• [PROBLEM TO SOLVE] The listing below holds pictures; exclude them. Return exactly the lines from the one with "A low-angle shot" through the one with "Los Angeles Dodgers".

*** RECORDED DATA ***

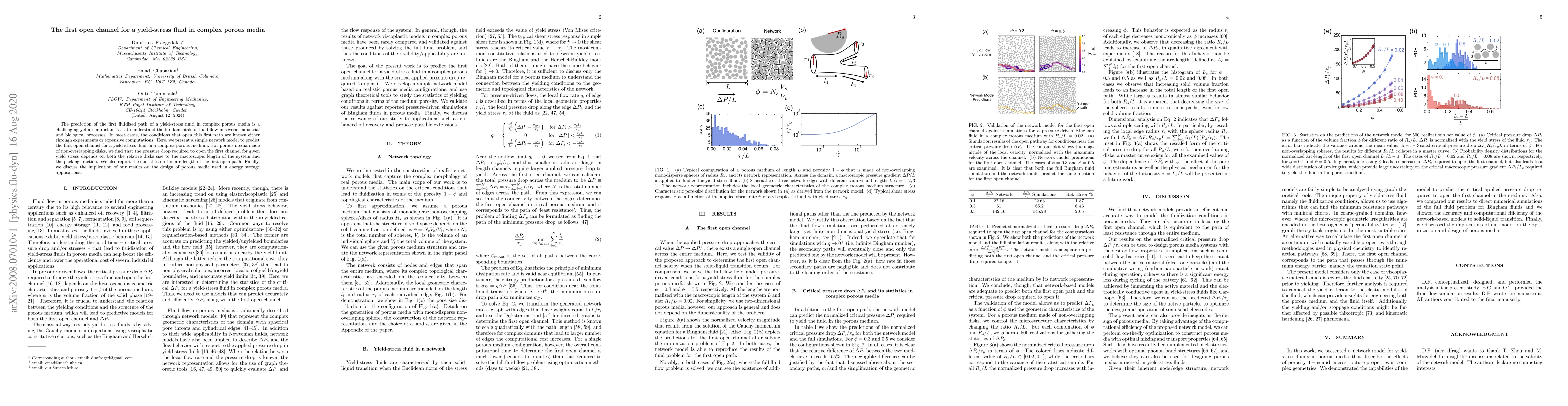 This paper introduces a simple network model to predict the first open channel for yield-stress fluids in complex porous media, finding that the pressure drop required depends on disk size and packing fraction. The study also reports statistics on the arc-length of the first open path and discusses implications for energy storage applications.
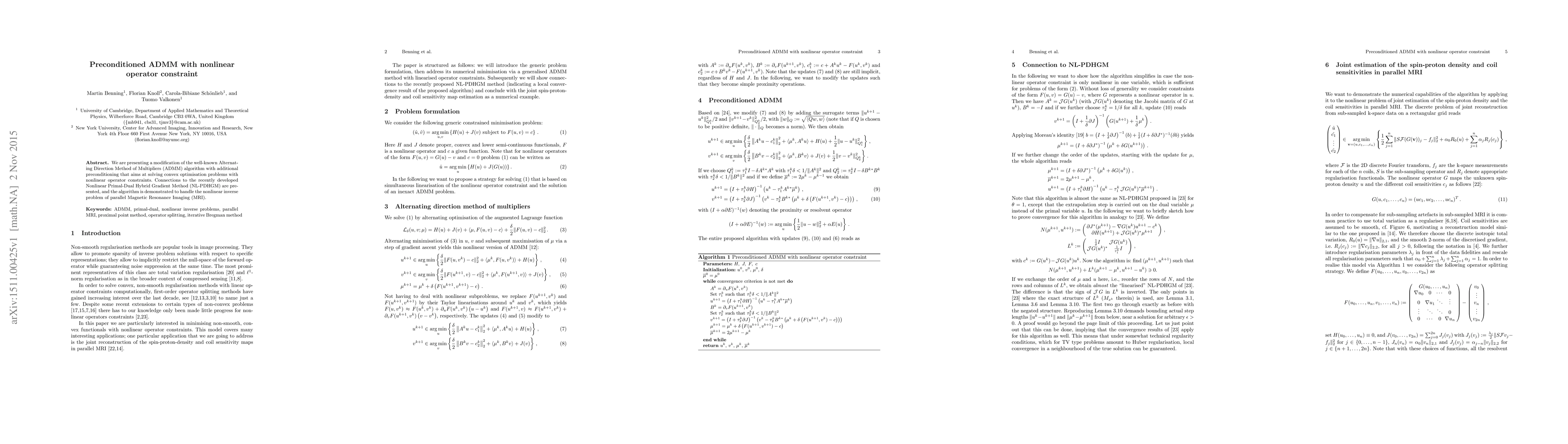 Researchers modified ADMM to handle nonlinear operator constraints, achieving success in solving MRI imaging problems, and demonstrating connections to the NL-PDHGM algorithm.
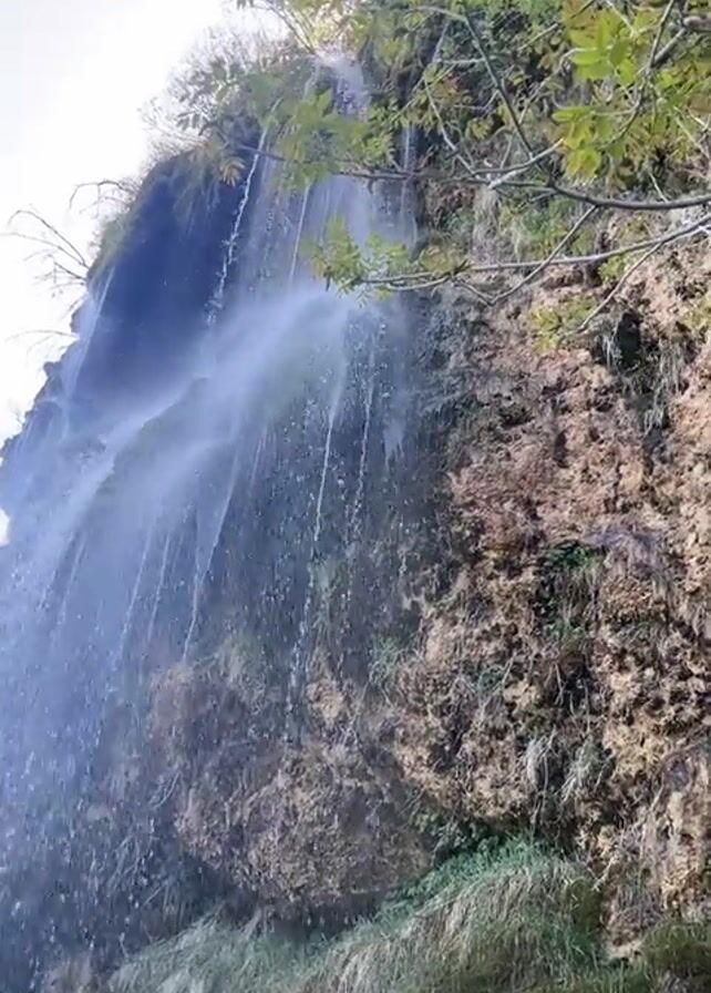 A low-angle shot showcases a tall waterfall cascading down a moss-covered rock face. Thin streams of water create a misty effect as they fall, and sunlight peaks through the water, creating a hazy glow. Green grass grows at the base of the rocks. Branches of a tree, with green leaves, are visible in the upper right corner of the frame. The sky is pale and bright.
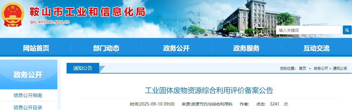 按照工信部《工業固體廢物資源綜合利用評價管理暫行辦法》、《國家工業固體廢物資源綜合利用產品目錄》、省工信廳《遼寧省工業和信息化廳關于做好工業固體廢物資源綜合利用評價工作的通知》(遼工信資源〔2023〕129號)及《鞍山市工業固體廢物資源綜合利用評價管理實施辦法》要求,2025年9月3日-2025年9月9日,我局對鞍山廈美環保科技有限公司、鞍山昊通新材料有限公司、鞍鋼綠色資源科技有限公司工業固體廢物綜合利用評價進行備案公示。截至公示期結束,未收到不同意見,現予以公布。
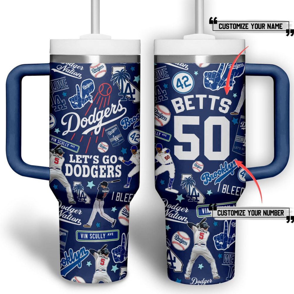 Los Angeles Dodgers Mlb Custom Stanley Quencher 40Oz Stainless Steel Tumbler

*** End of RECORDED DATA ***
*** RECORDED DATA ***

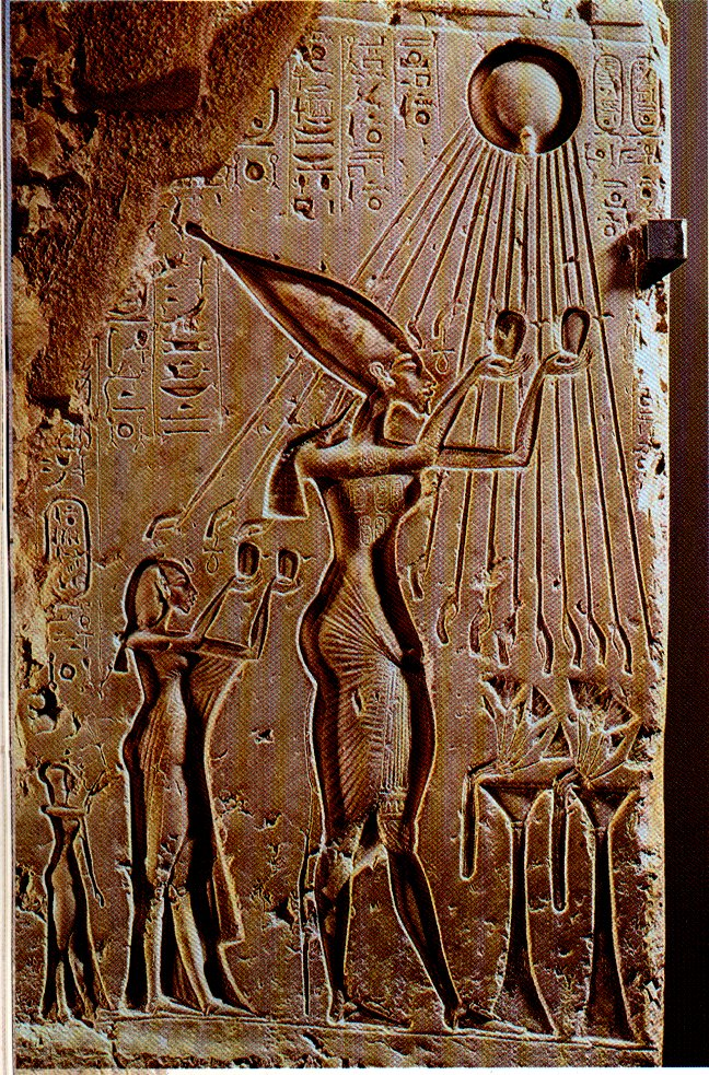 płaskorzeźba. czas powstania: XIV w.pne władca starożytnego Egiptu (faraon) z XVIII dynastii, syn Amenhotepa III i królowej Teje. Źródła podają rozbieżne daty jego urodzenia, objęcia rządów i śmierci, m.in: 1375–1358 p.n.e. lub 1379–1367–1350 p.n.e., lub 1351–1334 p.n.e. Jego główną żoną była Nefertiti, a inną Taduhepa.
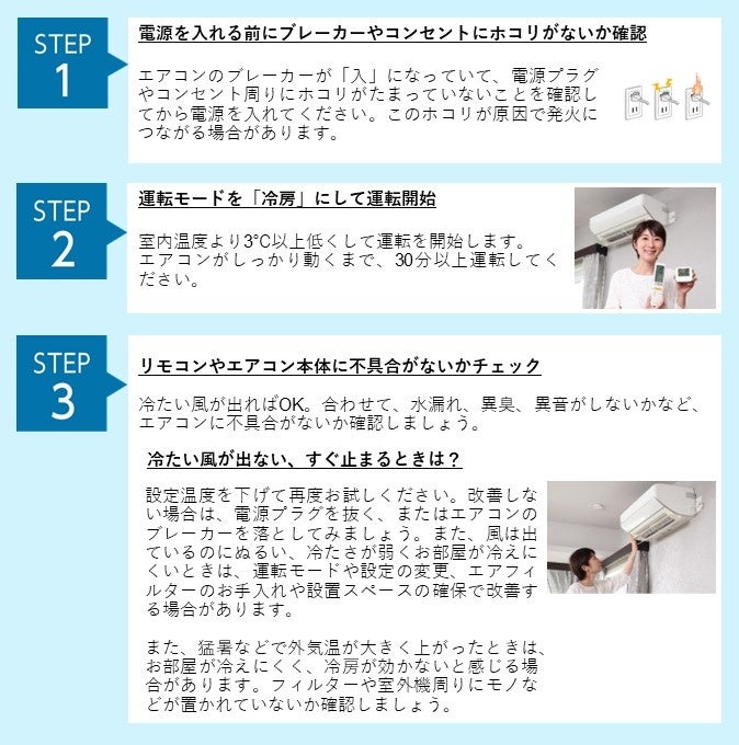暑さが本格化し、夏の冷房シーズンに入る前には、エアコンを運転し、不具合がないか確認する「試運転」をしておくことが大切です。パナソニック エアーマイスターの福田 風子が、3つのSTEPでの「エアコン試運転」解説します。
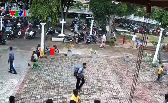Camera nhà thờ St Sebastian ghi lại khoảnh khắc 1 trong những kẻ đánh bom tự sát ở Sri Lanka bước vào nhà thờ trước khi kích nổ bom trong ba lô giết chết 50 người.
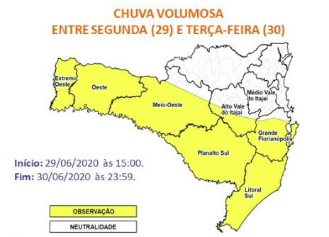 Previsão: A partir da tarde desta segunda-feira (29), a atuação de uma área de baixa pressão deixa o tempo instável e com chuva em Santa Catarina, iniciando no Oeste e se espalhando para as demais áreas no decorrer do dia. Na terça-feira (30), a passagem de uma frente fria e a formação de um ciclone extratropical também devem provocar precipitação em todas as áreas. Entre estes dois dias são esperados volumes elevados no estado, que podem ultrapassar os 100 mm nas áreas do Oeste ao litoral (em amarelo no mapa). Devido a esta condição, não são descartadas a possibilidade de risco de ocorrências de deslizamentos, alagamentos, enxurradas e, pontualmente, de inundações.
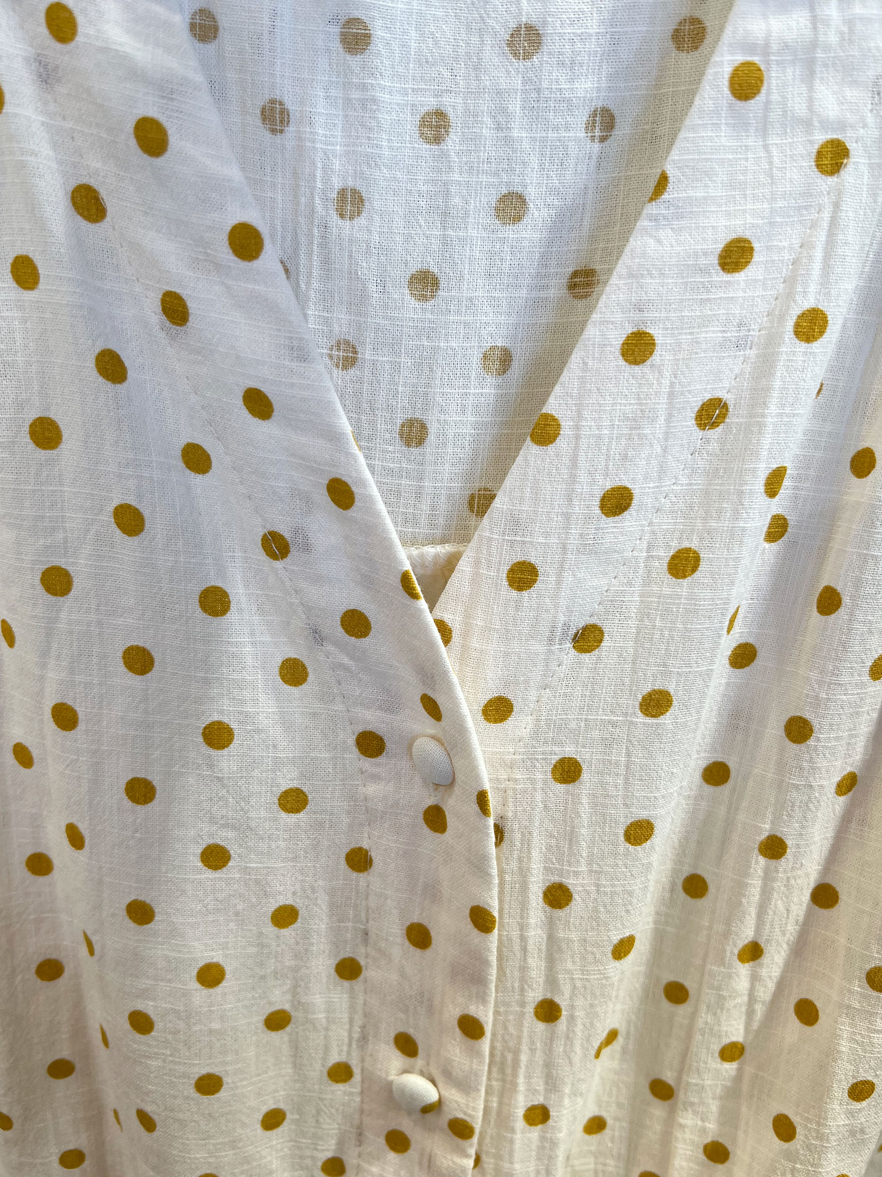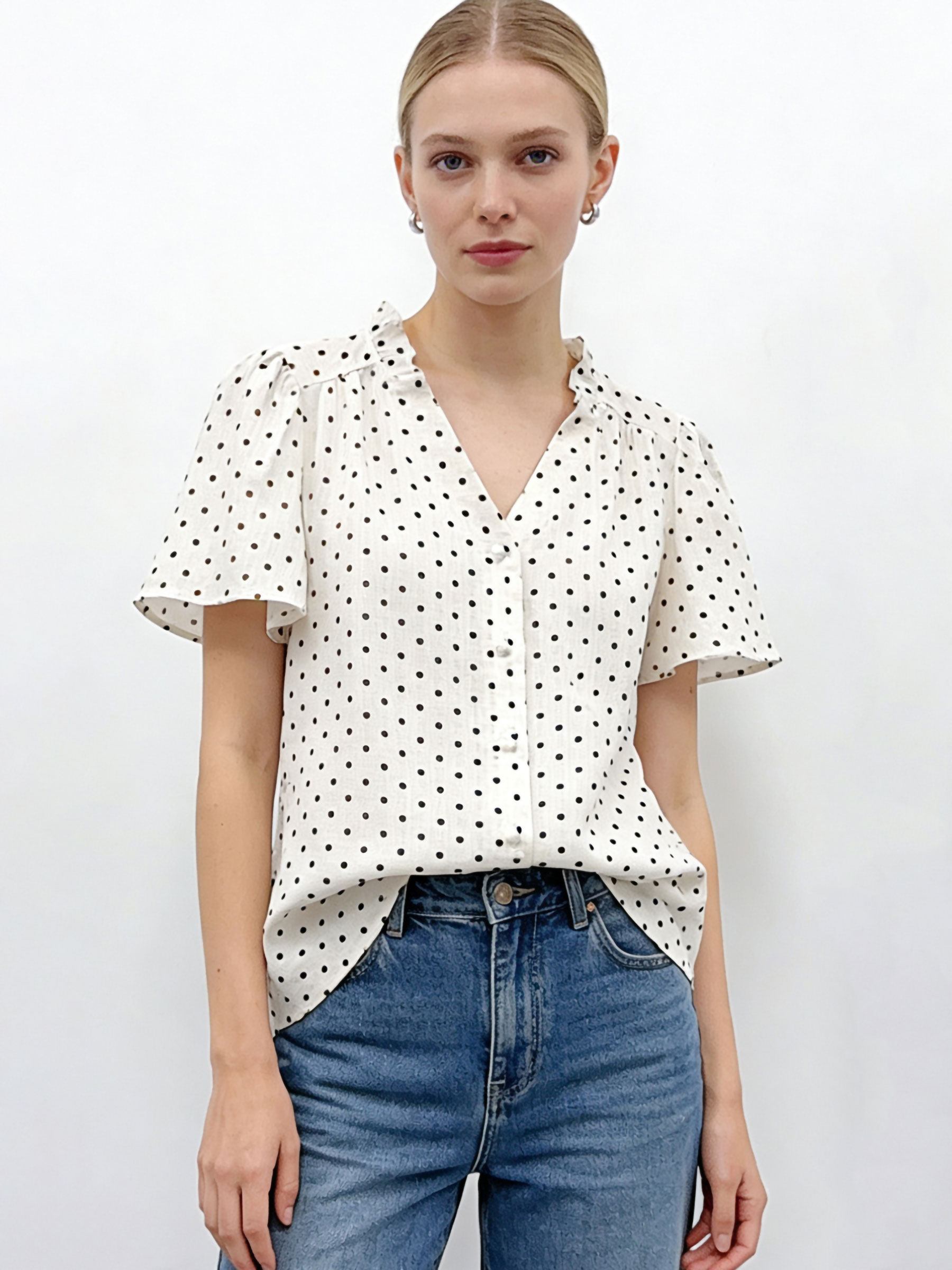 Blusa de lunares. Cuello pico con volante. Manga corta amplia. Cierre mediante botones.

*** End of RECORDED DATA ***

• [WRITTEN REPLY]
 A low-angle shot showcases a tall waterfall cascading down a moss-covered rock face. Thin streams of water create a misty effect as they fall, and sunlight peaks through the water, creating a hazy glow. Green grass grows at the base of the rocks. Branches of a tree, with green leaves, are visible in the upper right corner of the frame. The sky is pale and bright.
 按照工信部《工業固體廢物資源綜合利用評價管理暫行辦法》、《國家工業固體廢物資源綜合利用產品目錄》、省工信廳《遼寧省工業和信息化廳關于做好工業固體廢物資源綜合利用評價工作的通知》(遼工信資源〔2023〕129號)及《鞍山市工業固體廢物資源綜合利用評價管理實施辦法》要求,2025年9月3日-2025年9月9日,我局對鞍山廈美環保科技有限公司、鞍山昊通新材料有限公司、鞍鋼綠色資源科技有限公司工業固體廢物綜合利用評價進行備案公示。截至公示期結束,未收到不同意見,現予以公布。
 Los Angeles Dodgers Mlb Custom Stanley Quencher 40Oz Stainless Steel Tumbler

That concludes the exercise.